Quantity Description Symbol(s) Unit(s) Measured by:
Current Flow of electrons I, i Amps Ammeter
Voltage Electromotive force (EMF) that causes current flow V, v, E Volts Voltmeter
  • Electrons: negative electrical charges
  • Current generally flows through a conductor (e.g., wire) or component (e.g., light bulb, transistor)
  • Conductors: metals (copper, aluminum, gold, silver), graphite, water (pure: poor; salty: fair)
  • Voltage difference
  • Earth is reference (“zero”): earth ground, ground potential,ground
  • Chassis (car body, metal box) also referred to as ground
  • Voltage can be negative (-) or positive (+); like charges repel, so:
    • Negative voltage repels electrons
    • Positive voltage attracts electrons

Circuit

  • Various components, usually connected by wire, copper trace on circuit board, chassis
  • Parallel, serial circuits

Water flow analogy

  • pump analogous to voltage source
  • pipe analogous to conductor
  • gallons/minute, liters/second, etc. analogous to current
  • water wheel, turbine, pipe constriction analogous to load (resistance, or impedance, etc.)

Note: voltage measured across battery (parallel); current measured inline (series)

Multimeter Demo

Don’t measure current or resistance of battery

Parallel and Series Circuits

  • (A) same current through all components
  • (B) same voltage across all components
  • Open circuit: infinite resistance (“OFF”)
  • Closed (short) circuit: zero resistance (Bad mojo!)

Resistance

  • resists, or impedes, current
  • ohms, Ω (Greek upper case omega)
  • measured with (gasp!) ohmmeter
  • German physicist Georg Simon Ohm (mhos!)

Ohm’s Law

  • expresses relationship between voltage, current and resistance
  • R = E/I
  • I = E/R
  • E = I x R

Power

  • rate energy is used (e.g., jogging requires 500 calories per hour)
  • measured in watts (W), with a wattmeter
  • your clothes dryer draws more power than your Ipod
  • Power = voltage times current (curent can be determined by knowing voltage and power; appliance labels)
  • P = E x I
  • E = P/I
  • I = P/E

Example: Toaster draws 1200 watts; how many amps will it draw off of your 20 amp circuit?

Combining Ohm’s law and Laws’s law

P = E x I, but E = I x R, so
P = I2R
I = E/R, so
P = E2/R

Example: My HF rig transmits 100 W. It is about 33% efficient, so it requires 300 W from the 12 V power supply.
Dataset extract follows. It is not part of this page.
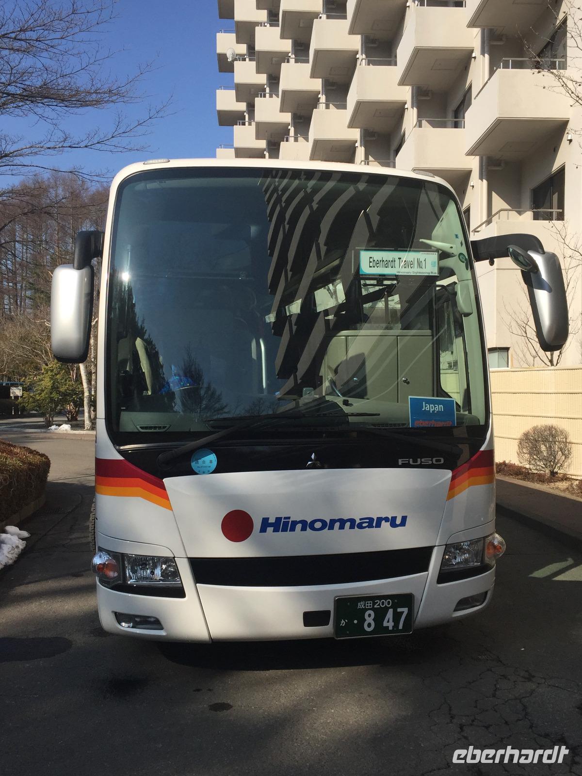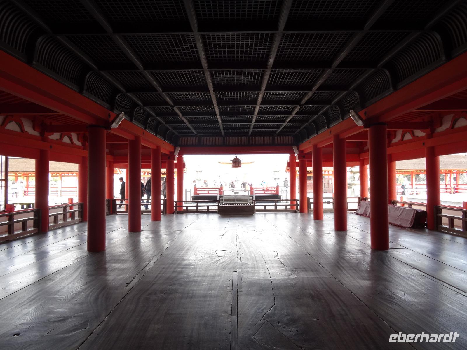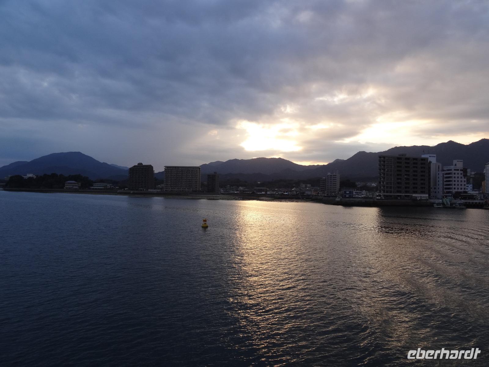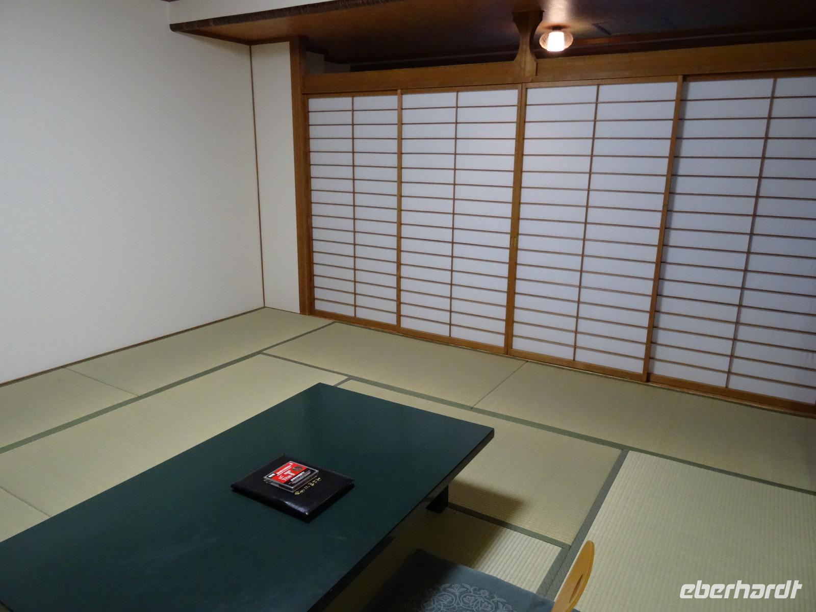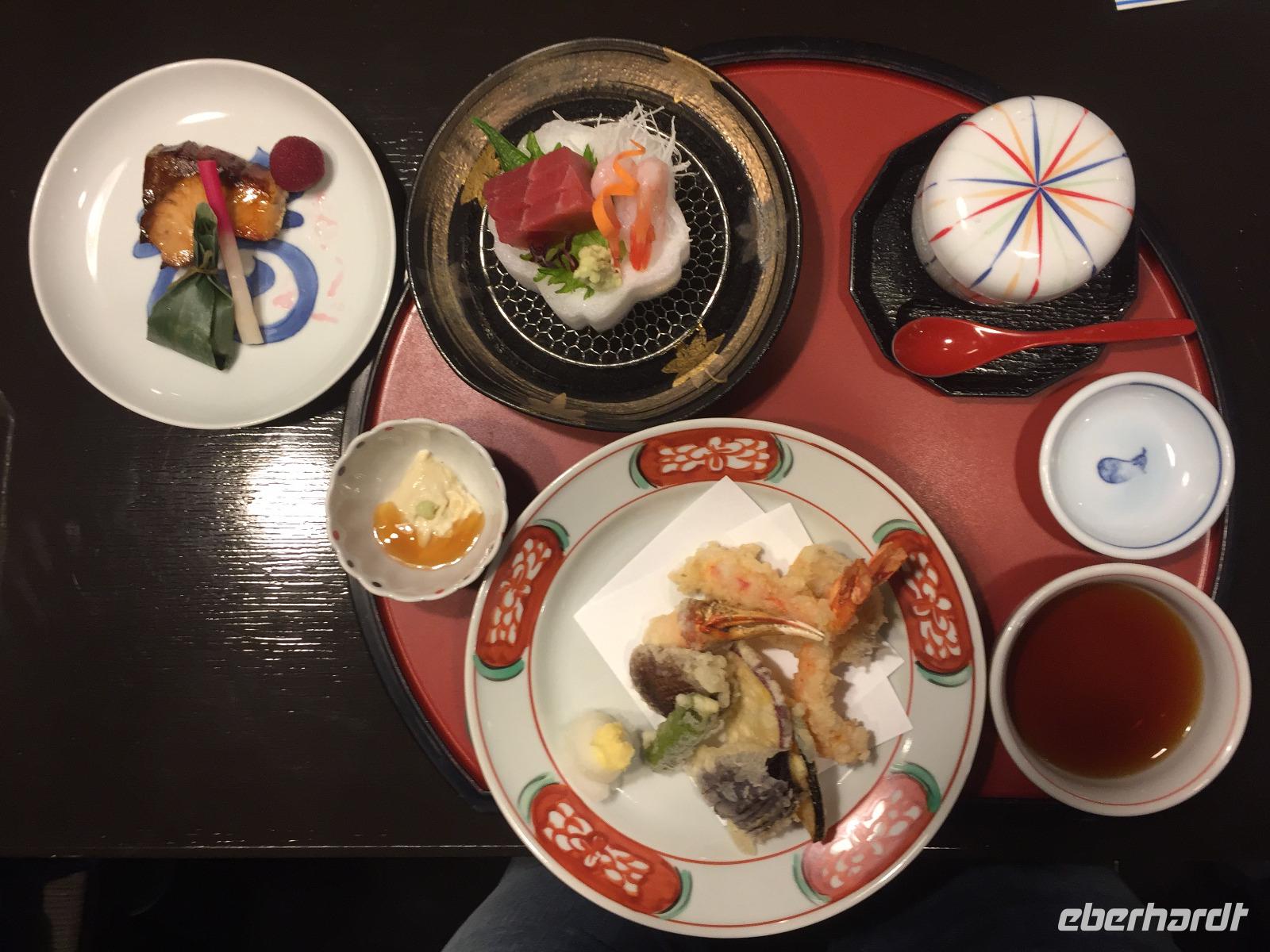 Der heutige Tag war ein Fest für Zugliebhaber, stand er doch ganz im Zeichen der Fortbewegung auf Schienen. Wir verließen am frühen Morgen die bergige Region um Takayama, wo in der Nacht neuer Schnee gefallen war und die umliegenden Hügelketten mit einem weißen Schleier bedeckte. Es war kalt, als wir um acht Uhr den Regionalzug nach Nagoya bestiegen und in knapp zweieinhalbstündiger Fahrt die Ausläufer der Japanischen Alpen hinter uns ließen. In Nagoya hatten wir eine reichliche halbe Stunde Aufenthalt, bevor es für uns weiterging. Wir nutzten die Zeit und bestaunten die ein- und ausfahrenden Hochgeschwindigkeitszüge Shinkansen, von denen wir schon viel gehört hatten und bald selbst in den Genuss des Mitfahrens kamen. Weltweit einzigartig und legendär ist die Pünktlichkeit der Züge des japanischen Eisenbahnsystems. Man konnte beinahe blind darauf vertrauen, dass sowohl Abfahrts- als auch Ankunftszeiten auf die Minute genau eingehalten wurden. Zumindest bei den Shinkansen, die darüber hinaus auf den Punkt genau an der dafür vorgesehenen Stelle am Bahnsteig hielten. Ein wunderbares System, welches die Lust am Bahnfahren wieder zum Vorschein bringt. Zumal die Wagen komfortabel ausgestattet sind und der Sitzabstand eine exzellente Beinfreiheit aufweist. Verbunden mit der enormen Geschwindigkeit und der damit einhergehenden kurzen Reisezeit ist das System fast allen sonstigen Fortbewegungsmitteln überlegen. Wenn die Strecke passt... Wir bestiegen den Shinkansen Hikari nach Himeji und genossen unsere erste Hochgeschwindigkeitsfahrt auf japanischen Boden. Anderthalb Stunden später stiegen wir in Himeji aus und besichtigten die schon vom Bahnhof aus weithin sichtbare „Burg des weißen Reihers", welche zum UNESCO-Weltkulturerbe zählt. Japans größte und schönste Burg wurde im 17. Jahrhundert zu ihrer heutigen Form ausgebaut und erstrahlt nach umfassender Restaurierung seit April 2015 wieder in ihrer ganzen Pracht. Mit uns zog es tausende Besucher zu der weißen Burg mit den geschwungenen Dächern, die ein wenig an einen landenden Silberreiher erinnert und so zu ihrem Namen kam. Am frühen Nachmittag bestiegen wir den Shinkansen nach Hiroshima, wo wir umstiegen und den Regionalzug nach Miyajima nahmen. Mit der Fähre ging es in knapp fünfzehnminütiger Fahrt zur gleichnamigen Insel, die dem Gebiet um Hiroshima vorgelagert ist. Auf der Insel angekommen, liefen wir zu unserer heutigen Unterkunft, dem Makoto Ryokan, einer traditionellen japanischen „Herberge". Nach einem herzlichem Empfang und kurzer Zimmerverteilung trafen wir uns alle in der Lobby, um ein besonderes Gruppenfoto zu schießen. Wir trugen alle den typischen Yukata, die baumwollene, leichtere und preiswertere Version des Kimono, welche einem Bademantel vergleichbar ist und einen angenehmen Tragekomfort bietet. Derartig gewandet nahmen wir auch unser Abendessen zu uns, welches aus einem vielgängigen Kaiseki-Mahl bestand. Ein buntes Potpourri hochwertig zubereiteter Speisen, welche dem europäischen Gaumen einen großen Raum für geschmackliche Entdeckungen bot. Nach dem Abendessen konnte man noch den hauseigenen Onsen besuchen oder einen Spaziergang zum Torii am Itsukushima-Schrein unternehmen, der des Nachts angestrahlt wird und ein wunderschönes Motiv bildet. Zur Nachtruhe betteten wir uns auf einen Futon, der während unseres Abendessens auf den Tatami-Matten ausgelegt wurde. Nicht jedermanns Sache, aber unabdingbar in einem Ryokan. Genauso wie die Toiletten-Pantoffel, die separat zu tragen waren, wenn man die besagte Örtlichkeit aufsuchen musste.

How many amps does it require from the power supply?

AC/DC

AC:

  • alternating current
  • alternates polarity
  • current flows one way, then the other
  • household current in US is 60 Hz, 120 V AC
  • radio waves are (generated by) AC (starting about 30 kHz)

DC:

  • same polarity
  • constant voltage
  • car battery: 12 V, DC

Components and Units

Basic Components

  • resistors
  • capacitors
  • inductors (coils)

Resistors

  • ohms, kilohms, megohms
  • restricts current flow
  • generates heat, or light (e.g., light bulb)
  • variable resistors: potentiometers, or “pot”
  • often marked with color code (red-violet-brown-gold: 270 ohms, tolerance 5%)

Capacitors

  • farads, microfarads, nanofarads, picofarads
  • stores electric energy in electric field
  • smooths out voltage changes
  • schematically, two metal plates separated by insulator
  • blocks DC
  • AC: higher the frequency, lower the reactance (a kind of impedance)
  • variable capacitors

Inductors

  • henrys, millihenrys, micro-henrys, nano-henrys
  • stores electric energy in magnetic field
  • smooths out current changes
  • schematically, coil of wire
  • passes DC
  • AC: higher the frequency, higher the reactance
  • coil may have iron or ferrite core to increase inductance

Transformer

  • two inductors in proximity, used to change voltage (and current)
  • voltage change proportional to turns ratio

Schematic of a transformer.

Typical transformer.

Power-pole transformer.

Variable components:

Reactance and Impedance

  • resistor does not affect phase of current and voltage
  • capacitor: current changes lead voltage changes
  • inductor: voltage changes lead current changes
  • inductive reactance: X, increases with frequency (low-pass filter)
  • capacitive reactance: X, decreases with frequency (high-pass filter)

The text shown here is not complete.